Note that $C^+_\alpha \ne \emptyset $. For otherwise, $\rho ^{\alpha }(S) < 1$. If $card(C^+_\alpha ) = 1$, then $\rho ^{\alpha }(S) = \max _{s}\rho ^{\alpha }(s) = 1$, i.e. $\rho ^{\alpha }$ is a possibility measure. If $card(C^+_\alpha ) = n$, then $\rho ^{\alpha }(S) = 1$ reads $\sum _{s}\rho ^{\alpha }(s) - (n-1)\alpha = 1$, hence $\sum _{s}^n\rho ^{\alpha }(s) = 1 + (n-1)\alpha $ and the fuzzy measure $\rho ^{\alpha }$ is additive.

Example 1

Consider the $S^{0.7}$-decomposable fuzzy measure $\rho ^{0.7}$ on the set $\{s_a,s_b,s_c,s_d\}$, defined by the distribution $\rho ^{0.7}(s_a)=0.5$ $\rho ^{0.7}(s_b)=0.5$ $\rho ^{0.7}(s_c)=0.8$ $\rho ^{0.7}(s_d)=0.9$. Here, $C^+_\alpha = \{s_c, s_d\}$. One can check that $\rho ^{0.7}(\varOmega ) = 0.8 + 0.9 - 0.7 = 1$. It is normalized.

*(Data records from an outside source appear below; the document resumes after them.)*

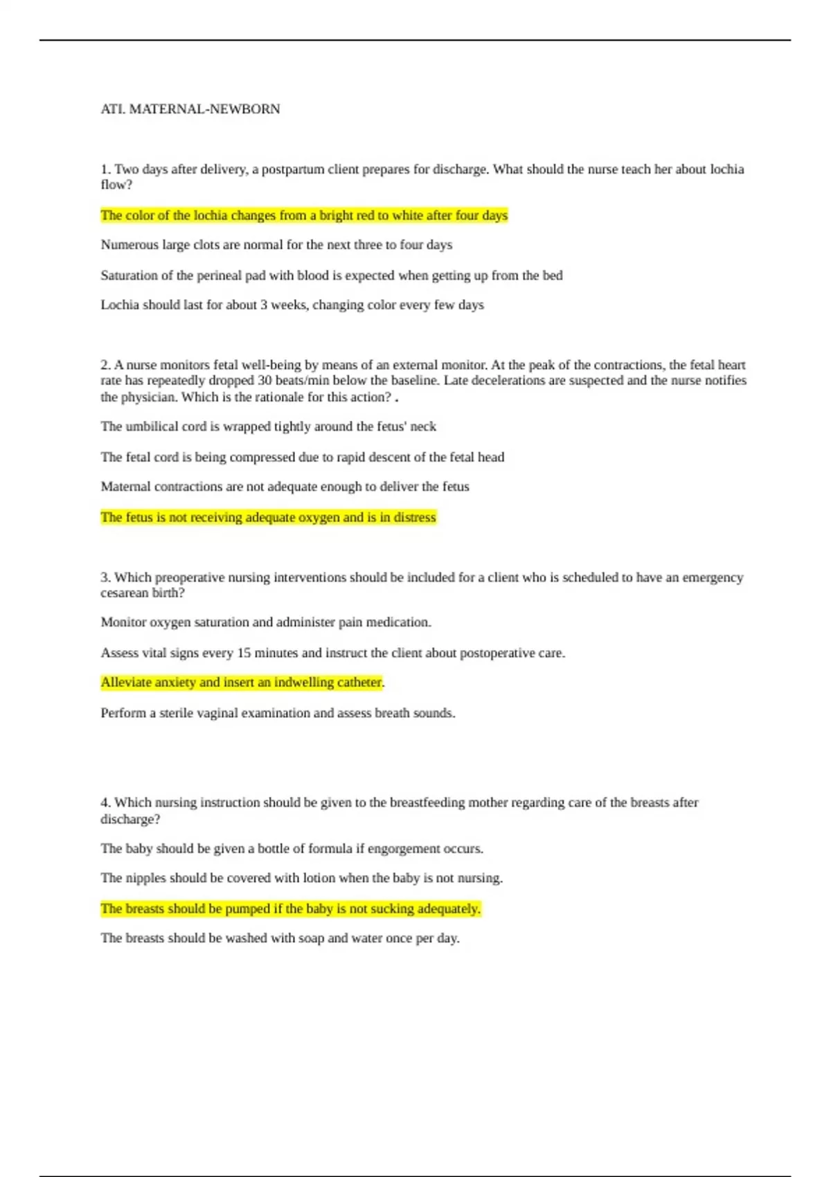 ATI Maternal newborn 2023(latest and updated)
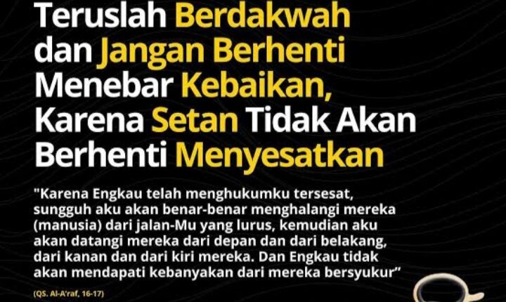 Berdakwah jangan disamakan dengan berpartai. Bukan layaknya berorganisasi seperti umumnya. Jangan dianggap serupa dengan berbisnis. Berdakwah adalah berdakwah. Berdakwah adalah ibadah. Berdakwah akan terus diuji, niatnya semata-mata berharap ridha Allah Ta’ala ataukah ada niat lain yang tersembunyi?
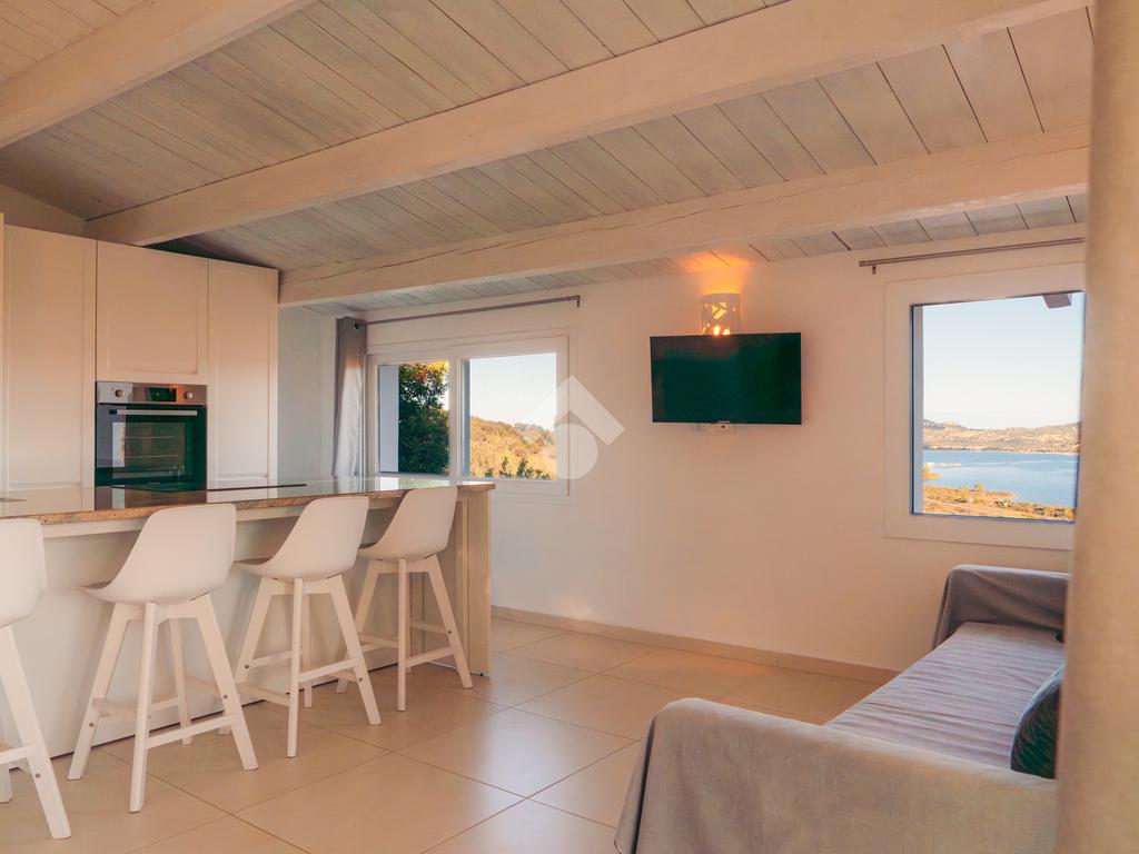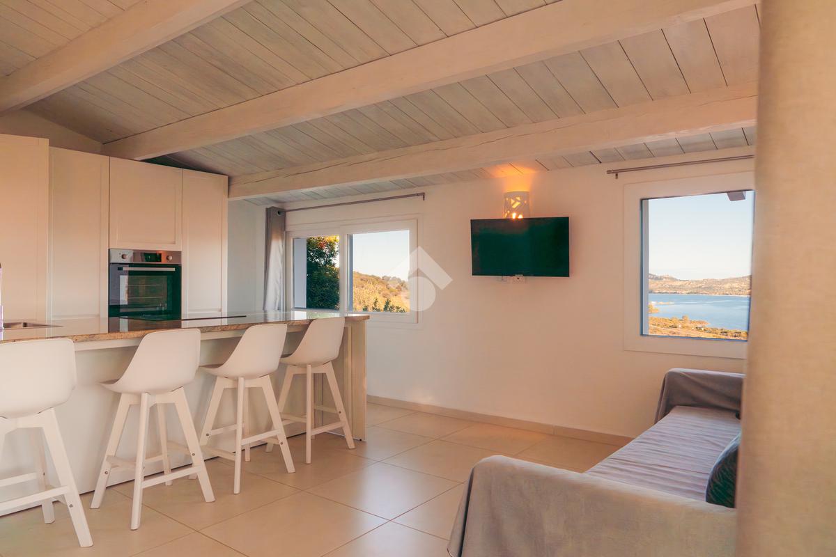 Dalla scala esterna si accede al piano primo, il terrazzo presente svetta sul mare dalla privilegiata posizione collinare, 25 metri quadri di spazio esterno coperto da pergola dove rilassarsi e stare in compagnia. Dal terrazzo a livello si accede all'interno, anche qui la sala presenta la cucina ad isola con parete attrezzata. Dal disimpegno si accede alle due camere da letto e bagno con doppio lavabo. A completare tutti i servizi è presente il fotovoltaico in grado di ottimizzare i consumi energetici della casa.
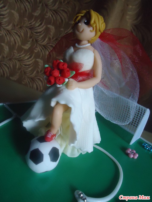 Спасибо! Фату нанизала на нитку ,хорошенько стянула. В голове сделала дырку ,вставила фату,немного обмазала мастикой вокруг и сверху уже нацепила пучок.

More generally it is easy to express the value of $\rho ^\alpha $ on general events:

$$ \rho ^\alpha (A) ={\left\{ \begin{array}{ll} \mathop {\sum }\nolimits _{s \in A} \rho ^\alpha (s) - \alpha (card(A)- 1) \text { if } A \subseteq C^+_\alpha , \\ \mathop {\max }\nolimits _{s \in A} \rho ^\alpha (s) \text { if } A \subseteq \overline{C^+_\alpha }, \\ \mathop {\sum }\nolimits _{s \in A\cap C^+_\alpha } \rho ^\alpha (s) - \alpha (card(A\cap C^+_\alpha )- 1) \text { otherwise. }\end{array}\right. }$$

Note that the third case ($C^+_\alpha \cap A \ne \emptyset $) covers the first. We can moreover prove that any measure $\rho ^\alpha $ is a plausibility measure in the sense of Shafer [11] obtained as a probabilistic mixture between a possibility measure and a probability measure.

Proposition 2

For any hybrid possibility-probability function $\rho ^\alpha $, there exists a possibility measure $\varPi $ with possibility distribution $\pi $ and a probability measure P with distribution p such that $\rho ^\alpha (s) = \alpha \pi (s) + (1- \alpha )p(s)$ where $\forall s, \pi (s) < 1$ implies $p(s) = 0$. Moreover $\forall A, \rho ^\alpha (A) = \alpha \max _{s \in A}\pi (s) + (1- \alpha )\sum _{s \in A}p(s)$.

Proof

For events, if $A \cap C^+_\alpha = \emptyset $, $ \rho ^\alpha (A) = \alpha \max _{s \in A} \pi (w) = \alpha \varPi (A) + (1-\alpha )P(A)$ since $P(A)=0$. Otherwise, if $A \cap C^+_\alpha \ne \emptyset $:

$$\begin{aligned} \rho ^\alpha (A)&= \sum _{s \in A\cap C^+_\alpha } \rho ^\alpha (s) - \alpha (card(A\cap C^+_\alpha )- 1)\\&= \sum _{s \in A \cap C^+_\alpha } (\alpha (1-p(s)) + p(s) ) - \alpha (card(A\cap C^+_\alpha )- 1)\\&= \alpha card(A\cap C^+_\alpha ) - \alpha P(A\cap C^+_\alpha ) + P(A\cap C^+_\alpha ) - \alpha (card(A\cap C^+_\alpha )- 1) \\&= \alpha + (1-\alpha ) P(A\cap C^+_\alpha ) = \alpha \varPi (A) + (1-\alpha ) P(A) \end{aligned}$$

since $\varPi (A)=1$ and $p(w)= 0 \text { for } s \not \in C^+_\alpha . $ $\Box $

Note that the dual of $\rho ^\alpha $ ($\overline{\rho }^\alpha ( A) = 1- \rho ^\alpha (\overline{A})$) is a convex combination of a necessity measure and a probability measure. Indeed, we have $\overline{\rho }^\alpha ( A) = 1 - \alpha \varPi (\overline{A}) - (1-\alpha ) P(\overline{A}) = \alpha (1 - \varPi (\overline{A})) + (1- \alpha )( 1- P(\overline{A})) = \alpha N(A) + (1- \alpha )P(A) $. When the possibility distribution is vacuous ($C^+_\alpha = S$), it is a special case of Shafer discounting scheme [11], and is known in the imprecise probability literature as the linear-vacuous model [1]. In particular, $\rho ^\alpha = \alpha \pi + (1- \alpha )p$ is a normalized $\rho ^{\alpha }$ distribution.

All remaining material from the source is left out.